Сигурт и Филлида шли по улицам Рима и люди сторонились, давая им дорогу. Филлида не знала, куда и зачем они идут, да и куда им теперь было идти? Где их дом? Где искать пристанища? Зачем они здесь? Девушка не могла ответить на эти вопросы, но она знала, что кто-нибудь из богатых патрициев может узнать ее. Но Филлида не слушала больше голос своего разума, а подчинялась лишь голосу сердца. Она мечтала еще хотя бы раз пройтись по улицам родного города с высоко поднятой головой, не как рабыня или преступница. Вот, эта мечта сбылась, хотя Филлида знала, что может заплатить за нее очень дорогой ценой.

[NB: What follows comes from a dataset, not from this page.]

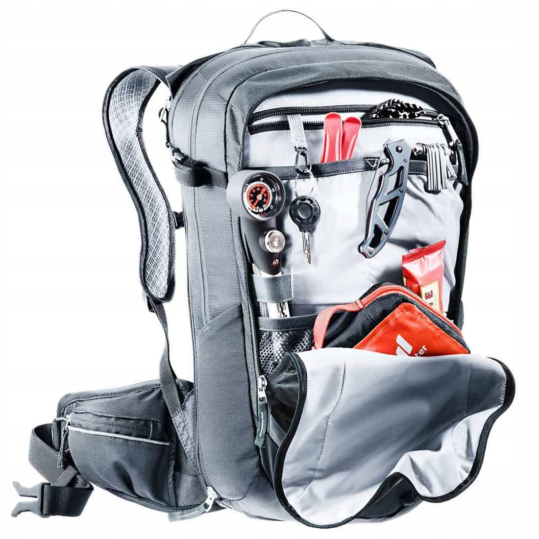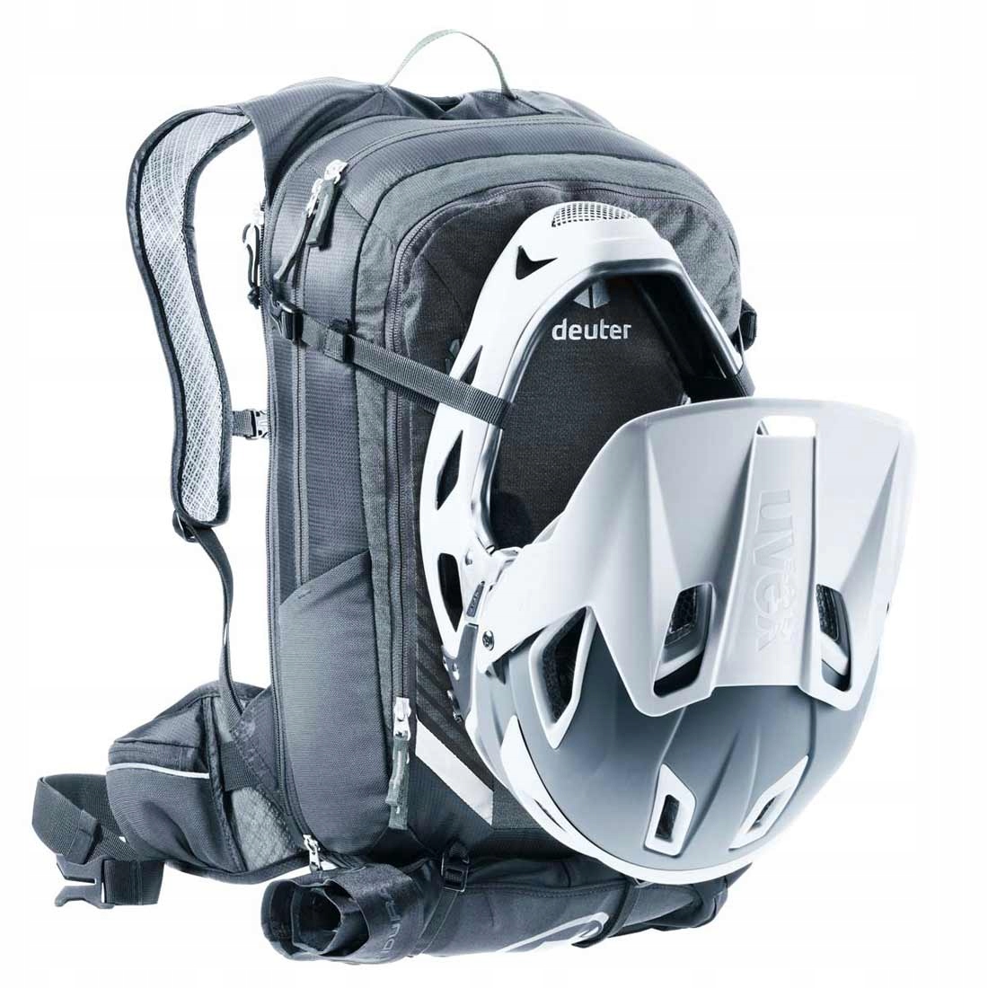 deuter compact exp 14 -це одна -шача структура з потужністю 14 літрів, яка, завдяки exp повзунку на периметрі, може бути збільшена до 19 літрів, це рішення дозволяє користувачеві регулювати об'єм рюкзака на поточні потреби та упаковане обладнання. Всередині основного відсіку, забезпеченого двома повзунками, є перегородка, який полегшує відповідне розташування аксесуарів та панель з інструкціями SOS . Ззаду, рюкзак має окрему кишеню, в якій ви можете транспортувати 3 -літер Bukon (Bukon продається окремо) або мокрий одяг. На передній частині є простора кишеня з організатором для особистих предметів, велосипедних аксесуарів та інструментів. Дві бічні гнучкі кишені та дві кишені на стегнах забезпечують місце для невеликих аксесуарів. На висоті пояса стегна є телефонна кишеня, яка дозволяє видалити і приховати його, не видаляючи рюкзак зі спини. Ручки, розміщені на передній частині рюкзака, полегшують кріплення шолома XC (перехресної кантрі), розширені бічні ремінці стиснення дозволяють прикріпити шоломи DH (під гору) або FF (Fullface). У його нижній частині є висувні смуги для прикріплення додаткового обладнання, наприклад захисники. Для того, щоб захистити від несприятливих погодних умов, рюкзак оснащений дощовим покриттям дощовим покривом . Обкладинка в яскравому кольорі, що значно покращує видимість у гірших погодних умовах, що завдяки зовнішній петлі пояса також дозволяє прикріпити велосипедну лампу або відбиваюче (моргання безпеки).

Они с хаттом вышли на людную площадь. Люди с удивлением смотрели на них, все время оборачиваясь, словно это были диковинные звери, привезенные из чужих краев. И действительно: Филлида в своем жреческом одеянии, увешанная странными браслетами и ожерельями, которая после священного ритуала успела снять лишь головной убор, волосы ее растрепались. Рядом шел огромный хаттский воин, по грозному виду которого и взгляду дикаря можно было судить, что он варвар. Конечно, увидев такую довольно странную пару на людской площади, римляне удивились. Но Филлида не обращала на них совершенно никакого внимания, смело пробиваясь вперед. Вдруг она заметила знакомый взгляд. Не может быть! Это была действительно Халльгерт! После некоторых сомнений, Филлида окончательно убедилась в этом, когда хаттка подбежала к ней:
— Авенахар, Сигурт! Что вы здесь делаете? О Фрия, это действительно вы!
Филлида и Халльгерт обнялись. Слезы были на глазах у обоих.
— Меня продали в рабство, — успела сказать Халльгерт, прежде чем толпа нахлынувших на площадь людей успела их разъединить.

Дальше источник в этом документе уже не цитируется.